◆ **TASK OBJECTIVE**: In the data below, set down exactly the lines from the one containing "Originally recognized as" up to and including the one containing "Sie möchten in". Leave the pictures out.
Segment Start: DATA EXCERPTS
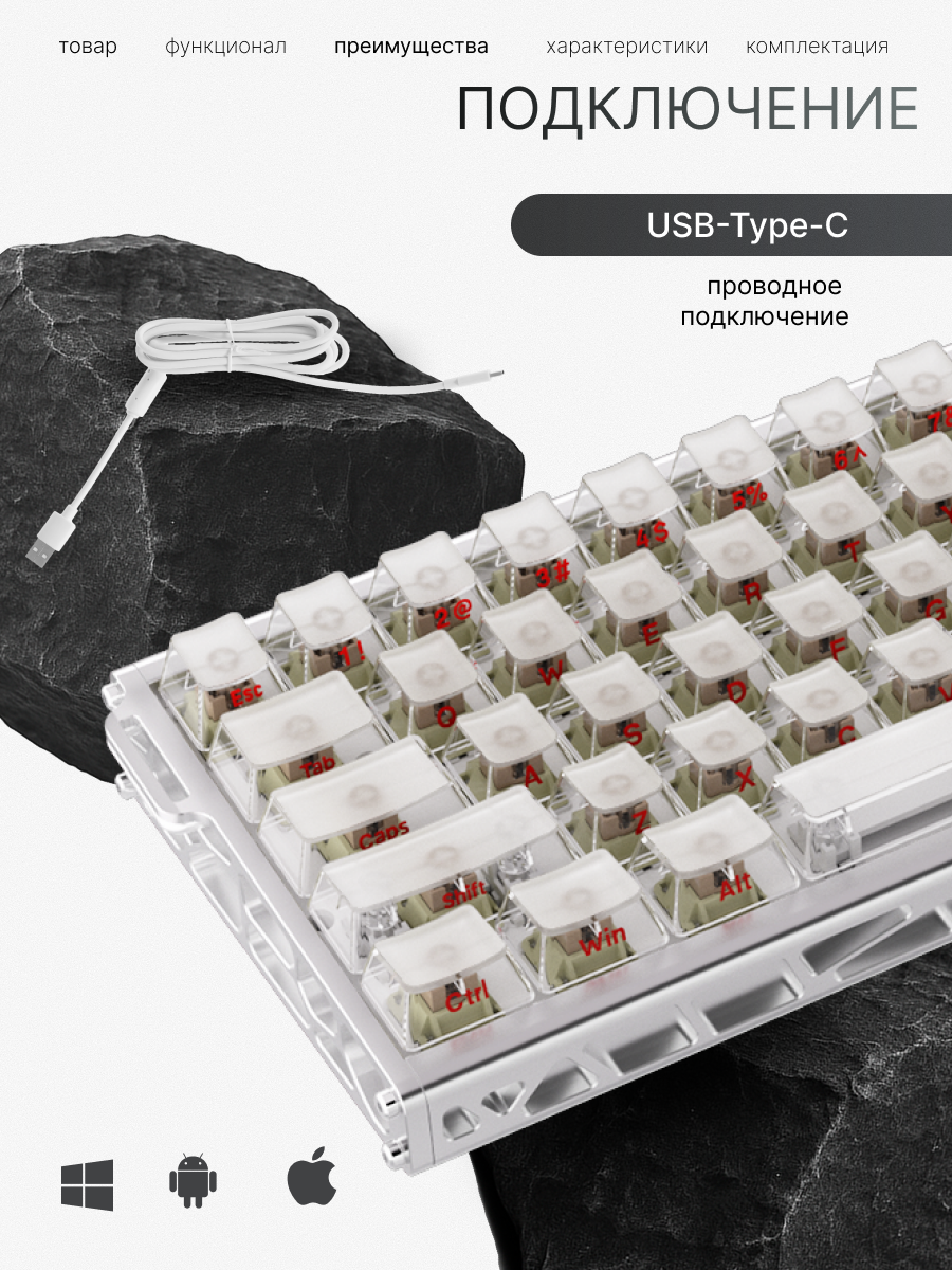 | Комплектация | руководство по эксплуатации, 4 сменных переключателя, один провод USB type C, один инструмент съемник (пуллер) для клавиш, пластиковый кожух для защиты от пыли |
Segment End: DATA EXCERPTS
Segment Start: DATA EXCERPTS
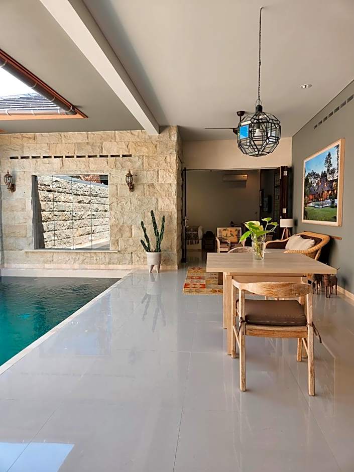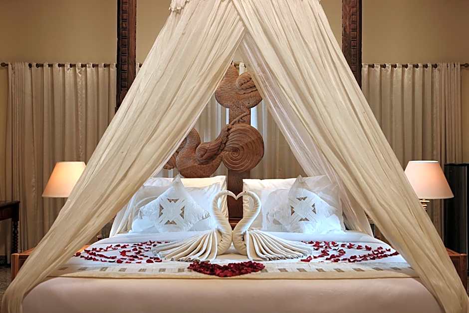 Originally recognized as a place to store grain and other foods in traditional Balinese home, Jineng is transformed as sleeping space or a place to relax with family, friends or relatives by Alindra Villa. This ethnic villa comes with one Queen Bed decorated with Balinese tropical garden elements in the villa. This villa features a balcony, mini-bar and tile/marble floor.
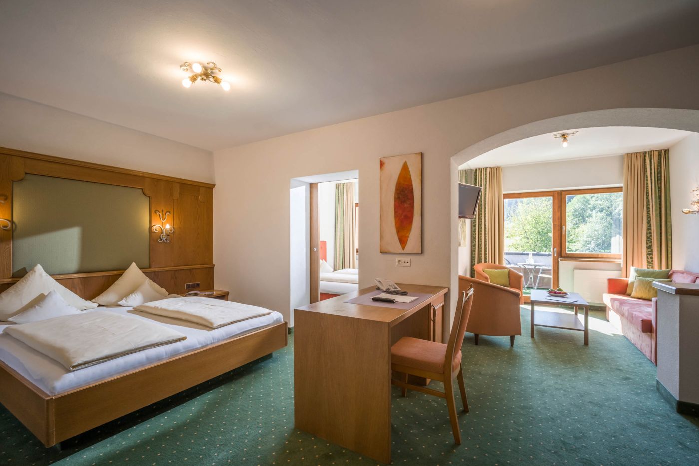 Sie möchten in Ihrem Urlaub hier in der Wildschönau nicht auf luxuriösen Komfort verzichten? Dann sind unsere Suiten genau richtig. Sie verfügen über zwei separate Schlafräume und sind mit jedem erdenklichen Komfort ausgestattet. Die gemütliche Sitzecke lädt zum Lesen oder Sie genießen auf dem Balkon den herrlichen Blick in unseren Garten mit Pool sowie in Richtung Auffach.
Segment End: DATA EXCERPTS
◆ **RESPONSE AREA**:
 Originally recognized as a place to store grain and other foods in traditional Balinese home, Jineng is transformed as sleeping space or a place to relax with family, friends or relatives by Alindra Villa. This ethnic villa comes with one Queen Bed decorated with Balinese tropical garden elements in the villa. This villa features a balcony, mini-bar and tile/marble floor.
 Sie möchten in Ihrem Urlaub hier in der Wildschönau nicht auf luxuriösen Komfort verzichten? Dann sind unsere Suiten genau richtig. Sie verfügen über zwei separate Schlafräume und sind mit jedem erdenklichen Komfort ausgestattet. Die gemütliche Sitzecke lädt zum Lesen oder Sie genießen auf dem Balkon den herrlichen Blick in unseren Garten mit Pool sowie in Richtung Auffach.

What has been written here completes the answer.